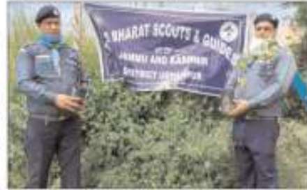
schools including ornamental plants. He expressed his gratitude towards District Administration Udhampur and chief education officer
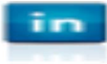
image003.png 2 KB
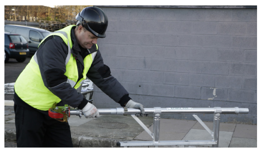
2. Insert 2 legs and castors into each 2 rung frame.
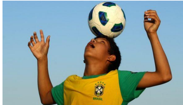
Image 2: “Fiebre de Fútbol: What Soccer means for Latin Americans”
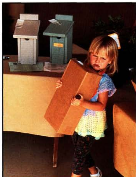
A nest box program can involve club members and the community in raising environmental awareness. See page 18.
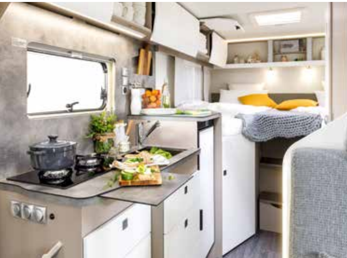
↑ Kitchen highlight: Refrigerator with a volume of up to 138 l
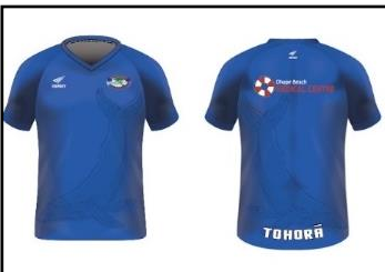
Ōhope Medical Centre Tohorā

Thank you to our House Groups Sponsors who enable us to have house shirts for the students.
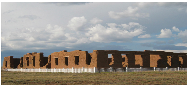
Fort Union National Monument

June 28, 1954 Fort Union National Monument is created by Act of Congress.
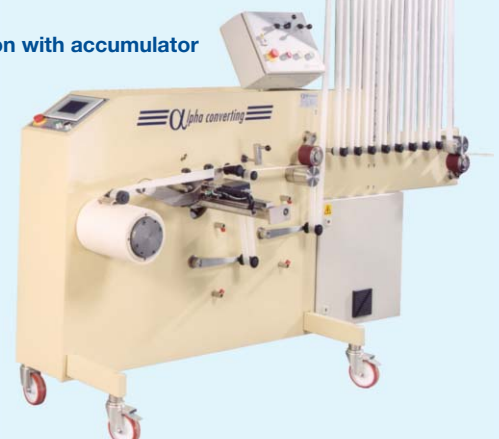
Continuous production with accumulator
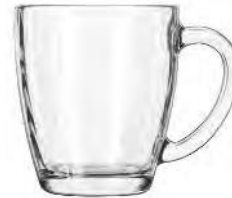
Square Mug No. 5352 14 oz./41.4 cl./414 ml. H4 T3¾ B2½ D4¾ 1 doz./10# = .68 cu.ft. SCC 394583
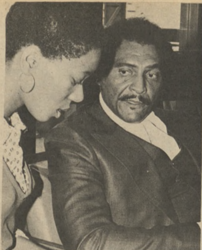
Actor William Marshall feels it is a shame for white actors such as Anthony Quinn to portray blacks.
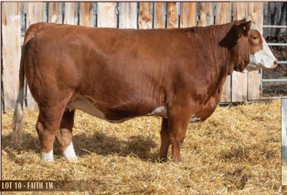
LOT 10 - FAITH 1M
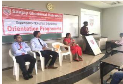
Fig 1. Inaugural Function

We organized Orientation Programme for Second Year Electrical Engineering SGU students on 8 th July 2019, Monday. It includes Inaugural function, curriculum explanation, Labs visit of the department and Industrial visit.
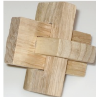
"Triple Cross", Puzzles & Brain Teasers 2006. (3 wood pieces, 3.2")

Three examples of the wood knot that was patented by M. P. Rao in 1980. Here are the directions that were sold with the Sabriday version:
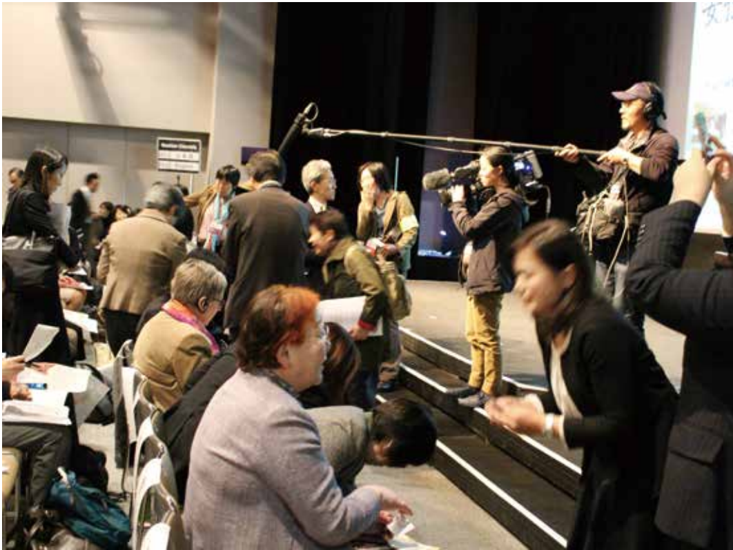
One of the many media crews covering the JWNDRR 'Women as a Force for Change' Symposium.

will be a process of empowerment to women. But, beyond empowerment of women, I hope that the proposed initiatives will become the strong force to transform DRR to be inclusive in many countries. Here are some discussion points, easy to mention but difficult to carry out, for realization of this change.
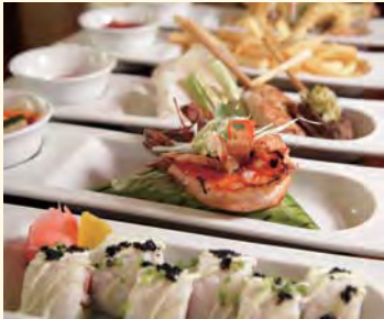
16 cuisine [kwʊzin] 菜餚
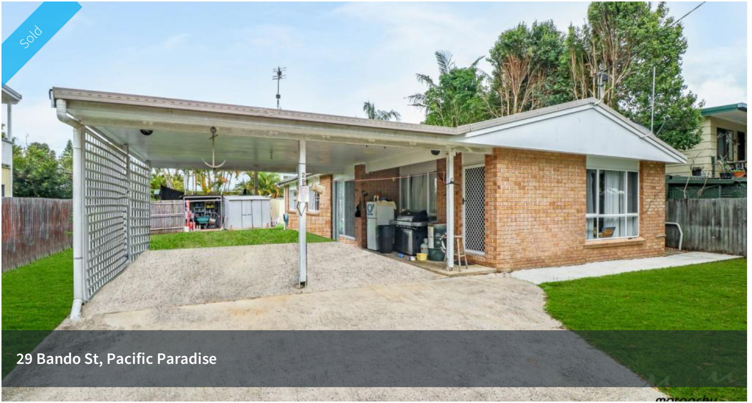
29 Bando St, Pacific Paradise
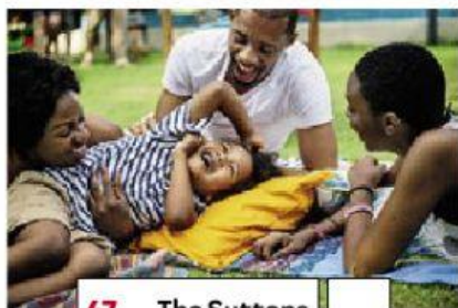
47 The Suttons

The Baxters have just won the lottery and want to invest their money in a house. They want to buy a three-bedroom house with at least a small garden. They need a garage for their car as well. They would love to go to cafés with their friends quite often, so the house should not be far from the centre. They can pay up to £600,000.
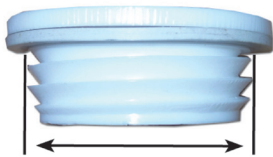
Outer Diameter of Thread

How to Measure a Thread e.g. Drum Bung or Adaptor
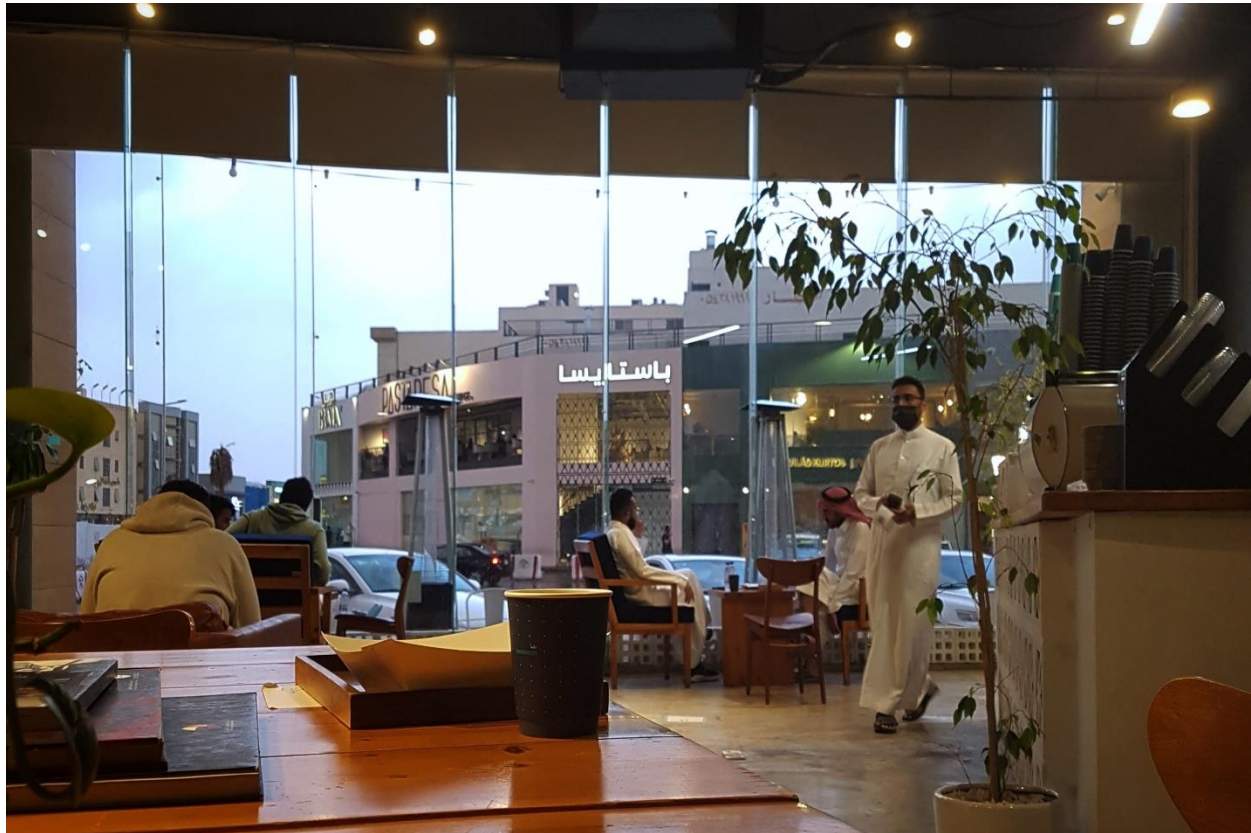
Fig. 3, Bash Coffee on Uthman ibn Affan Rd; One of the pioneer cafes in Buraidah, attracted 40 cafe restaurants and coffee shops to be neighbours in the vicinity in the last five years (source: author).
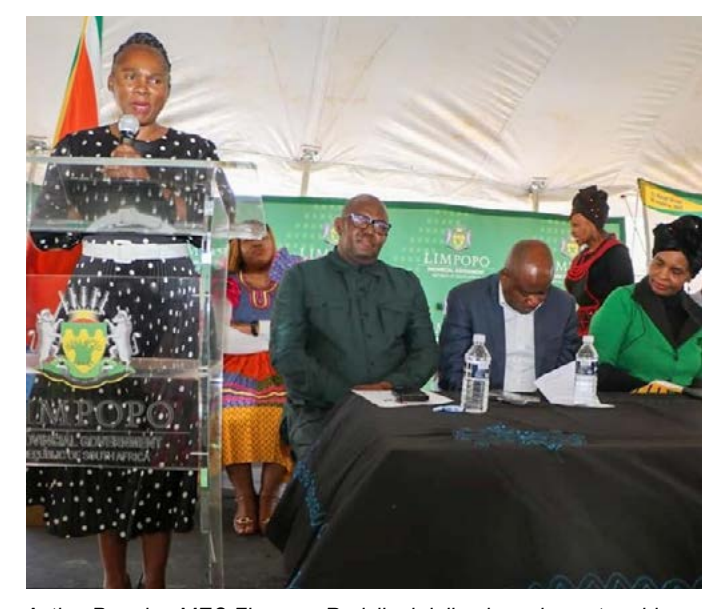
Acting Premier, MEC Florence Radzilani delivering a keynote address at Women's Day Celebration.
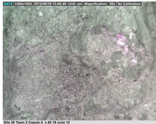
Figure 6. Centre of cup-shaped hollow D. Use-wear 50×. Note polish and rounded grains.

A cup-shaped hollow D is located on the floor of a crevice, opposite the main cupule wall. The hollow is associated with sparse sediment and animal droppings. Its diameter and depth (5/0.3 cm) fits with tested cupules; however, it differs through separation from the main body of petroglyphs and variation observed in use-wear (i.e. level/polished rather than uneven/
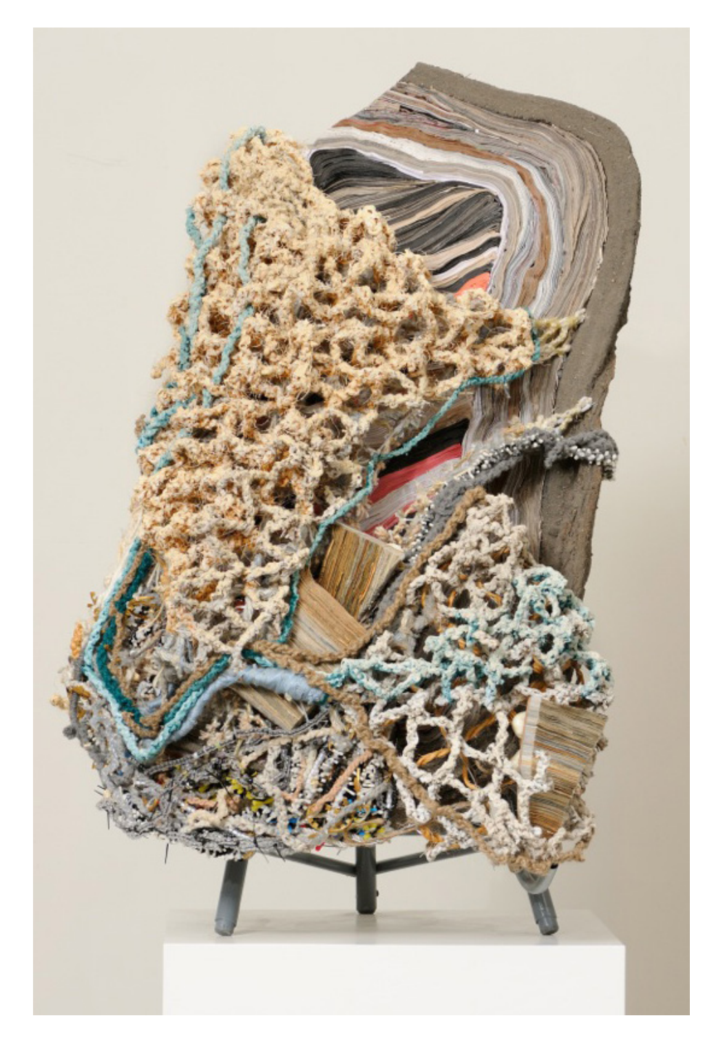
Steven Siegel, Went to Iceland #1, (2012), mixed media, 50 x 29 x 25 in.; 127 x 73.66 x 63.5 cm.
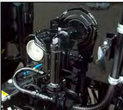
Electric and propane heater systems are available to keep emulsion systems hot around the clock.
※
[Try it]:
Please return the material above only from the line that holds "Ōhope Medical Centre Tohorā" through the line that holds "47 The Suttons", exactly as it stands, ends included and pictures omitted.

[Answer to the problem]:
Ōhope Medical Centre Tohorā

Thank you to our House Groups Sponsors who enable us to have house shirts for the students.
Fort Union National Monument

June 28, 1954 Fort Union National Monument is created by Act of Congress.
Continuous production with accumulator
Square Mug No. 5352 14 oz./41.4 cl./414 ml. H4 T3¾ B2½ D4¾ 1 doz./10# = .68 cu.ft. SCC 394583
Actor William Marshall feels it is a shame for white actors such as Anthony Quinn to portray blacks.
LOT 10 - FAITH 1M
Fig 1. Inaugural Function

We organized Orientation Programme for Second Year Electrical Engineering SGU students on 8 th July 2019, Monday. It includes Inaugural function, curriculum explanation, Labs visit of the department and Industrial visit.
"Triple Cross", Puzzles & Brain Teasers 2006. (3 wood pieces, 3.2")

Three examples of the wood knot that was patented by M. P. Rao in 1980. Here are the directions that were sold with the Sabriday version:
One of the many media crews covering the JWNDRR 'Women as a Force for Change' Symposium.

will be a process of empowerment to women. But, beyond empowerment of women, I hope that the proposed initiatives will become the strong force to transform DRR to be inclusive in many countries. Here are some discussion points, easy to mention but difficult to carry out, for realization of this change.
16 cuisine [kwʊzin] 菜餚
29 Bando St, Pacific Paradise
47 The Suttons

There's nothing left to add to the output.